Defender Paul Dummett rescued a last-gasp point for the hosts after skipper Wayne Rooney restored United’s lead with his second goal of the game. Georginio Wijnaldum and Aleksandar Mitrovic had earlier hauled the hosts level following Jesse Lingard’s strike to make it 2-0.
United slipped to sixth in the Premier League, two points adrift of Spurs, who occupy the final Champions League position, after being overtaken by West Ham, while 18th-placed Newcastle remain firmly fixed in the relegation mire.
“We threw it away. You have to finish the game already much earlier,” said Van Gaal. “There were big possibilities and of course when you then lose two points that is very, very sad. Everybody knows it is our own fault.
“Of course it feels like a defeat. We have given it away and I have told that to my players. We could have scored six goals easily here and we did not. If we had, it would have been three successive wins at the start of the year going into Liverpool [on Sunday].
“I do not agree with the analysis of many people [accusations or being boring] because we always attack, but I have to live with it, I have to cope with it, my players have to cope with it.”

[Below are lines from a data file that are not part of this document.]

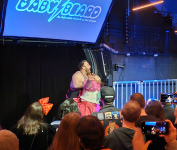 Das ganze Projekt Babybeard dreht sich um den australischen Wrestler, Crossdresser, Stuntman, Entertainer und Japan-Fan Richard Magarey aka Ladybeard. Unterstützt wird er dabei von Mizuki und Suzu am Gesang. Tatsächlich weiß ich nicht ganz, was ich vorab zu erwartet habe, aber als die Band zu dritt auf die Bühne geht, bin ich - auch wenn man es vorher hätte wissen können - doch einigermaßen überrascht, dass weit und breit kein einziges Instrument zu sehen ist. Außerdem ist die Musik relativ leise, weshalb ich direkt meine Ohrstöpsel rausnehme, was es ungefähr auf die Lautstärke eines Standard-Punkkonzerts mit Ohrstöpseln bringt, also eigentlich ganz angenehm.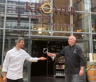 Robin Weiland absolvierte im Weinhaus Uhle beide Lehren zum Koch und zum Restaurantfachmann. In Schwerin kennt man ihn als Eventcaterer auf hohem Niveau. „Bislang konnte man mich nur exklusiv buchen für Hochzeiten, Betriebsfeiern oder private Events“, erklärt Robin Weiland. Ab 1. Januar hat er nun mit dem Weinhandel und der Kochschule Krömer einen festen Standort im Brunnenhof der Schweriner Höfe. Er freut sich auf die Übernahme: „Es wird natürlich Veränderungen geben, aber die qualitative Weinberatung und die Kochevents bleiben erhalten. Weiterhin wird mich auch Michael Doege, den viele aus dem Weinhandel kennen, begleiten.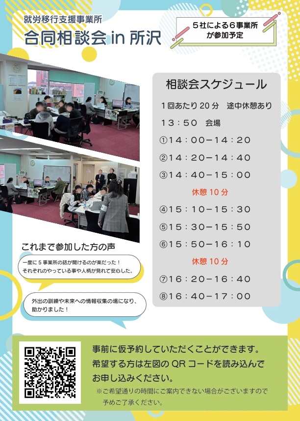 所沢市の5つの就労移行支援事業所が集まり、一度に各事業所の様子をみることが出来ます。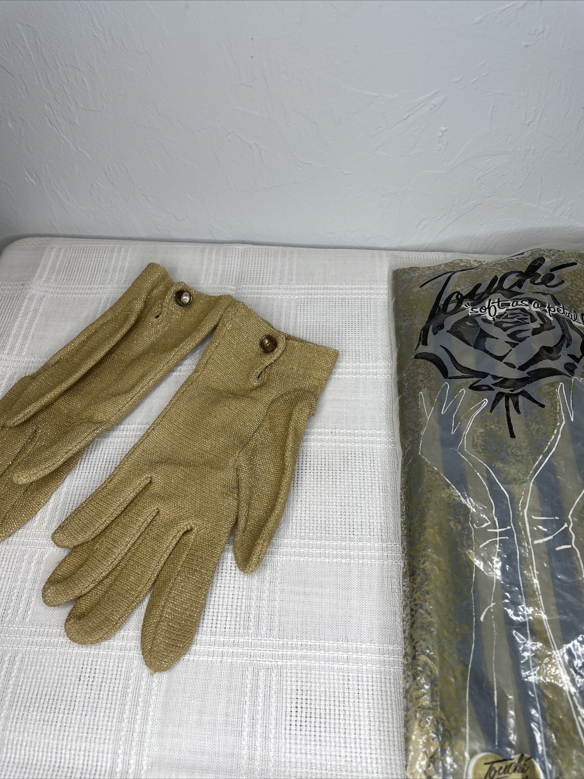 как выглядит Vintage Touche by Fownes Button Up Short Evening Dressy Prom Gloves Sparkly Gold фото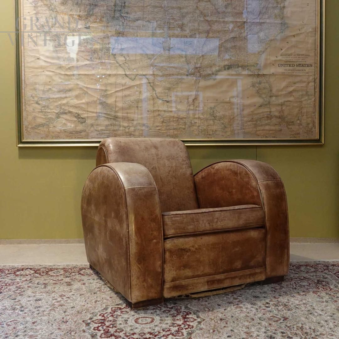 Poltrona da club vintage, con la sua forma avvolgente, i braccioli ampi e il rivestimento in pelle invecchiata, è un classico dell’arredo retrò e industrial. Perfetta per creare un’atmosfera calda e accogliente in bar, ristoranti, lounge o salotti dal carattere deciso e vissuto.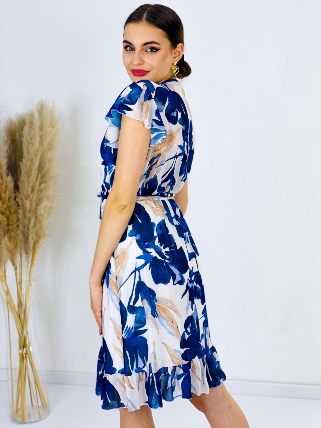 Dámske krátke šaty s kvetovanou potlačou a gumičkou v páse. Šaty sú vyrobené z príjemného a padavého materiálu. Tento model využijete napríklad aj na oslavy, ale aj na dlhé, letné, večerné prechádzky. Využijete ich na akúkoľvek príležitosť. Šaty sú bez zapínania a sú doplnené opaskom vo farbe šiat. Vďaka opasku si šaty rýchlo prispôsobite podľa seba. Prispôsobia sa viacerým typom postáv a veľkostiam od XS po L. Pôsobia pôvabne a sviežo. Modelka je vysoká 175 cm a má oblečenú veľkosť UNI.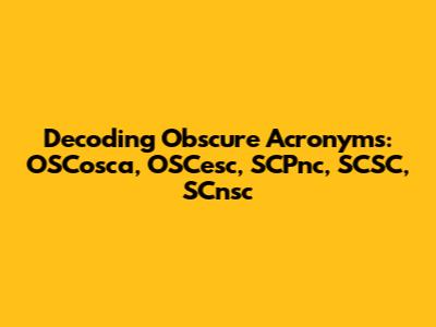 avigating the world of acronyms can sometimes feel like deciphering an ancient language. We encounter these abbreviations everywhere, from technology and science to business and everyday conversations. But what happens when you stumble upon a set of acronyms that seem to have no readily available meaning? That's the challenge we're tackling today with OSCosca, OSCesc, SCPnc, SCSC, and SCnsc. Let's embark on this journey of linguistic exploration and attempt to unravel the mysteries behind these enigmatic strings of characters.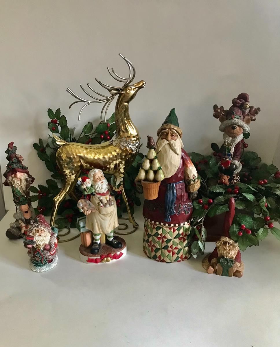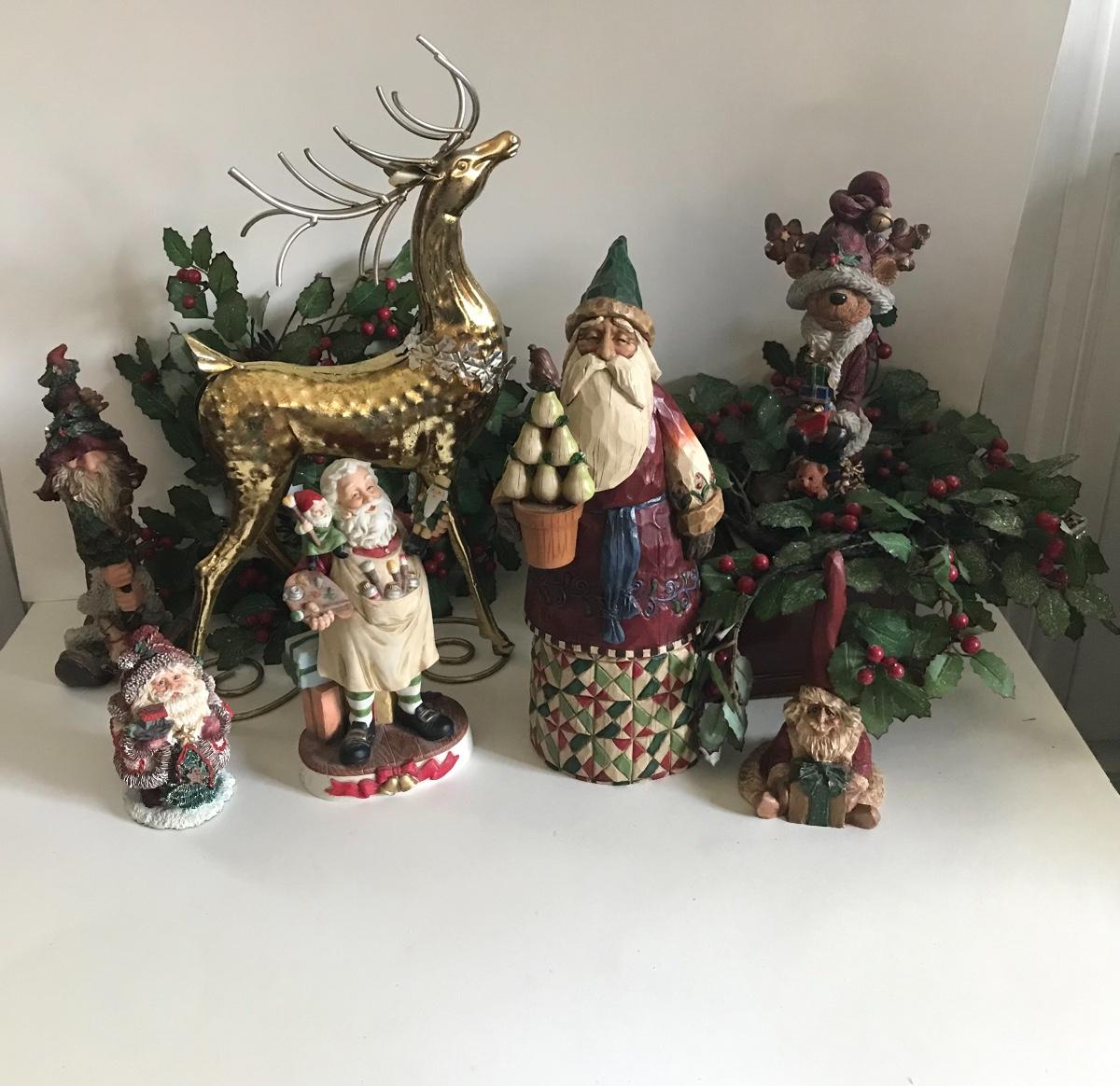 Delightful Santas, including a Jim Shore, brass reindeer, and faux holly candle rings. Please see all pictures as they are the best representation of the items. The pictures show condition, measurements if taken, and what is included in the lot. Due to the large amount that we photograph and the time frame, we are not always able to take measurements. All items unless noted, are pre-owned and have been used. If you purchased furniture, you must bring help. We do not allow one person to carry large furniture out on their own. Bring help, tools and a truck for the safety of our client’s homes, and your personal safety. Company policy. Thank you.

United had lost just two of their previous 26 league showdowns with Newcastle and Rooney slid home a ninth-minute penalty after Marouane Fellaini headed the ball onto Chancel Mbemba’s arm and the Congolese was adjudged to have handled.

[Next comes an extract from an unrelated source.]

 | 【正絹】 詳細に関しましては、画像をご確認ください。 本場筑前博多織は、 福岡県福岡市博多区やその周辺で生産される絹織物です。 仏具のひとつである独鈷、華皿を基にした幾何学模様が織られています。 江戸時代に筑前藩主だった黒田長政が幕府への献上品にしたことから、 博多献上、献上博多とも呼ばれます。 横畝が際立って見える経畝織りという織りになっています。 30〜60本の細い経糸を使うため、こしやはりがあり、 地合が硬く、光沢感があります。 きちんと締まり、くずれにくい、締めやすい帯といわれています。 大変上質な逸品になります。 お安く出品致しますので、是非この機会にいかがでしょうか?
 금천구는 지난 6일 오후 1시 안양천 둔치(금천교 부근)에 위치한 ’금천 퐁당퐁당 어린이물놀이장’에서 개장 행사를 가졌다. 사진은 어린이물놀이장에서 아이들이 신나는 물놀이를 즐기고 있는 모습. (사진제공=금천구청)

In complete contrast to recent performances, United attacked with panache as Rooney cut inside Argentine centre-half Fabricio Coloccini in the 38th minute before a deft reverse pass released Lingard, who finished through the legs of Rob Elliot.
Newcastle replied before the break when Coloccini’s clipped ball into the penalty area was purposefully headed by Mitrovic into the path of the onrushing Wijnaldum and the Dutchman dispatched a composed volley beyond David de Gea.

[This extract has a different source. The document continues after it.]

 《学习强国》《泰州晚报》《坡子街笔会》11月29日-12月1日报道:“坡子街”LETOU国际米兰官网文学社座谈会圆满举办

Mitrovic levelled in the 67th minute with a calm spot-kick after Chris Smalling was penalised for grappling the Serbia hitman, although Rooney’s 14th Premier League goal against the Magpies hinted at United’s first away win since November.
Substitute Memphis Depay was the architect as he cut inside from the left with 11 minutes remaining, and while his shot was blocked, the ball rebounded to Rooney who unleashed a nonchalant attempt from outside the penalty area into the top corner.
But Newcastle, who yesterday signed midfielder Jonjo Shelvey from Swansea for £12m, refused to die and Dummett rifled a thunderous left-footed effort from the edge of the penalty area, which took a deflection off Smalling, high into De Gea’s net.